Pattern-based fault classification.

3.4. Making a fault recognition decision

In addition to the given (observed) pattern Z and the constructed fault classification Z1, a classification technique (one of the chosen networks) is an integral part of a whole diagnostic process. To apply and test the classification techniques, a validation set Z2 is also created in the same way as set Z1. The difference between the sets consists in other random numbers that are generated within the same distributions.

3.5. Recognition accuracy estimation

It is of practical interest to know recognition accuracy averaged for each fault class and a whole engine. To this end, the classification technique is consequently applied to the patterns of set Z2 producing diagnoses dl. Since true fault classes Dj are also known, probabilities of correct diagnosis (true positive rates) P(d/jDj) can be calculated for all classes resulting in a probability vector P. A mean number P__ of these probabilities characterizes accuracy of engine diagnosis by the applied technique. In this chapter, the probability P__ is employed as a criterion to compare the techniques described in Section 2.

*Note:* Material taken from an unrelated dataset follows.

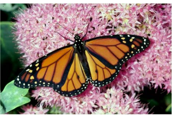
Monarch butterfly.

The monarch is only a temporary resident at SAND, as it is elsewhere in the US. New populations arise annually from migrants arriving in late spring. In late summer they make a return pilgrimage to a small area in south central Mexico which serves as the overwintering site for all the Monarchs that are found east of the Rocky Mountains. There they settle in forested areas of the Monarch Butterfly Biosphere Reserve, located in the mountains of Michoacan and Mexico states, where they stay dormant during the winter months. Because of its ubiquitous presence in summer, SAND has started supporting Monarch Watch by encouraging staff and volunteers to tag monarchs every summer during their southward migration.

4. Optimization of the neural networks-based diagnostic process

The structure and efficiency of a diagnostic algorithm depend on many factors and the options that can be chosen for each factor. The classification of these factors and options is given in Figure 6 , where the factors are shown in the first line. On the basis of accumulated knowledge and experience, every research center (even a single researcher) chooses an appropriate option for each factor and develops its own diagnostic algorithm. To be optimal, this algorithm should take into account all peculiarities of a given engine, its application, and other diagnostic conditions. Thus, it is not likely that the algorithm be optimal for other engines and applications. As a result, every monitoring system needs an appropriate diagnostic algorithm.

Figure 6.

Factors that influence structure and efficiency of gas path diagnostic algorithms.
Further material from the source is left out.